Codeforces Beta Round #62

By maksay, 14 years ago, translation, In English

Hi everybody!

Today authors are me and Roman Iedemskyi (Shtrix). Big thanks for help in preparing problems to our teammate Iaroslav Tverdohklib, Artem Rakhov, Maria Belova and Dmitry Matov.

Hope you will enjoy the contest!

UPD: Congratulations to winner rng_58!

Announcement of Codeforces Beta Round 62

beta round 62, codeforces, contest

+134

maksay
14 years ago
23

Comments (23)

Write comment?

husseincoder

14 years ago, # |

+13

nice problem set :)

→ Reply

Anurag

14 years ago, # |

What is the approach to solve Problem B?

→ Reply

ania	14 years ago, # ^ \| +2 Binary search on answer → Reply

Rubanenko

14 years ago, # ^ |

Use binary search to find the answer. Just count amount of removed power and check if it's enough.

→ Reply

agrigoroi

14 years ago, # ^ |

Let a and b be the number of accumulators with the biggest amount of energy and the smallest amount of energy. Initially a and b are 1. While a + b ≠ n move energy from the a accumulators with the most energy to b accumulators with the least energy such that

1) the energy remained in the accumulators with the most energy equals to the energy of accumulators with the most energy from the remaining ones (n - a - b). In this case a increases with 1.

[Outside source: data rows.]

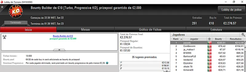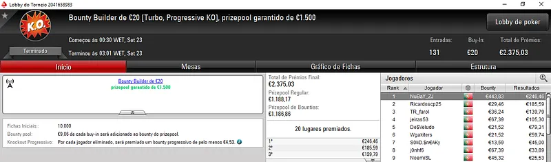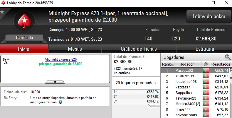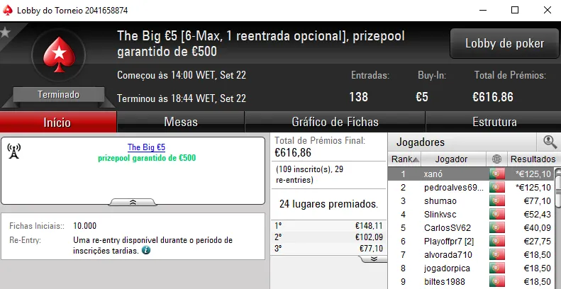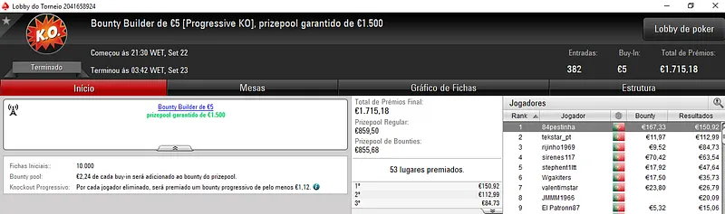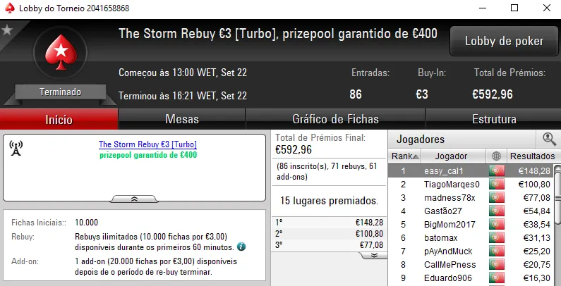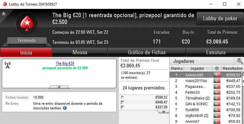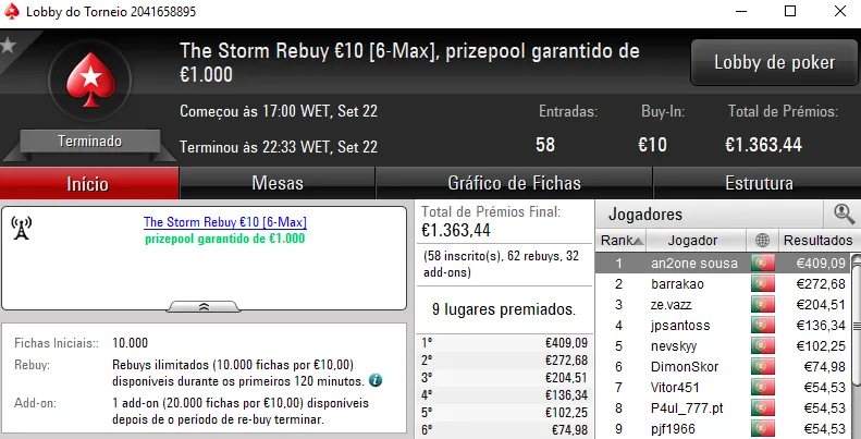 O heads-up foi disputado contra B0IFX que encaixou €815 pelo segundo lugar, enquanto AAEUKK recebeu €489 na terceira posição.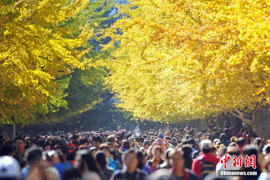 10月24日,遼寧沈陽,一陣風過人群上空下起“金片雨”。近日沈陽持續降溫,遼寧大學的銀杏泛黃并落葉增多,進入最佳觀賞期,吸引了人們前來觀賞金秋美景。 中新社記者 孫昊聲 攝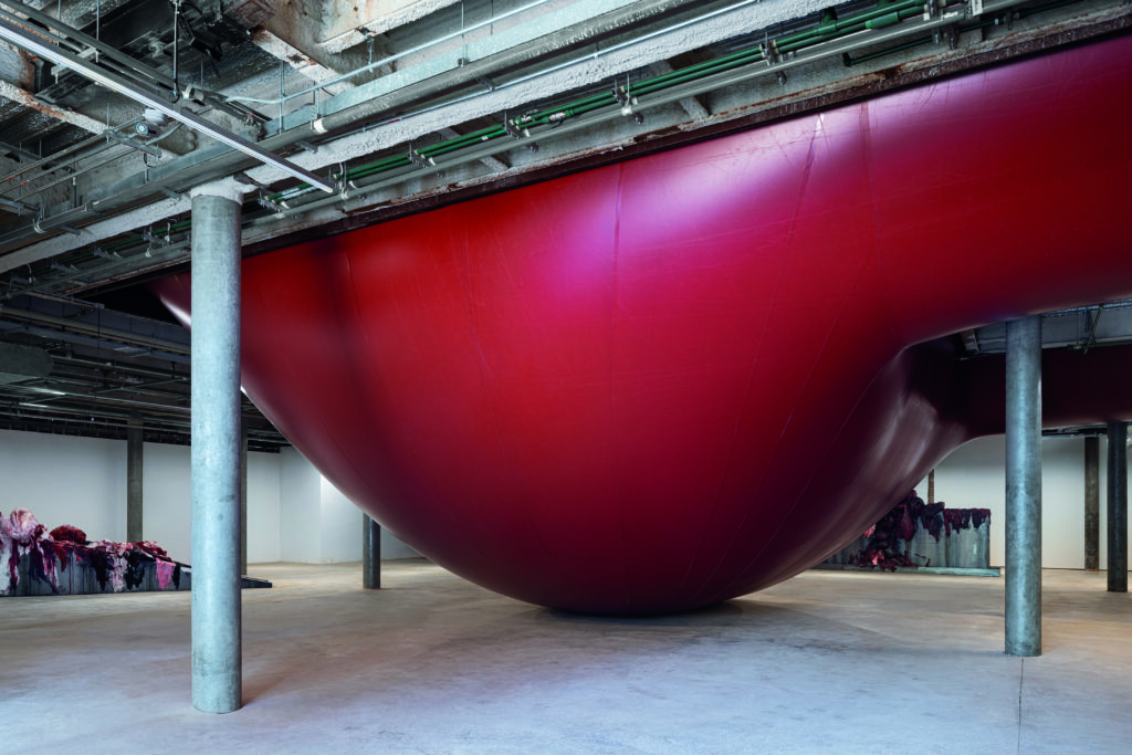 Three monumental works that defy the boundaries of conventional sculpture will be at the heart of the exhibition, each filling an entire section of the Hayward. Visitors will first explore a gallery completely transformed by a colossal and imposing new work: an inflated PVC membrane that fills the six-metre-high space, challenging our sense of scale and self. In a second new work, a dark mountainous threshold looms down amid a sprawling red landscape contained within the upper gallery. In a third section, Mount Moriah at the Gate of the Ghetto (2022) will defy gravity as it descends from the ceiling, hovering inches above the gallery’s floor tiles. Overwhelming in size and emotional intensity, these monumental works elaborate on Kapoor’s fascination with the sublime.

2) the energy remained in the accumulators with the least energy equals to the energy of accumulators with the least energy from the remaining ones (n - a - b). In this case b increases with 1.

Here my source code (in C++): http://pastebin.com/m9Xc9rjy

→ Reply

Anurag

14 years ago, # |

Can you please elaborate it

→ Reply

ania

14 years ago, # ^ |

You can see that you never move the same "part" of energy twice in optimal solution. Otherwise why can't you move it to the final place from original place?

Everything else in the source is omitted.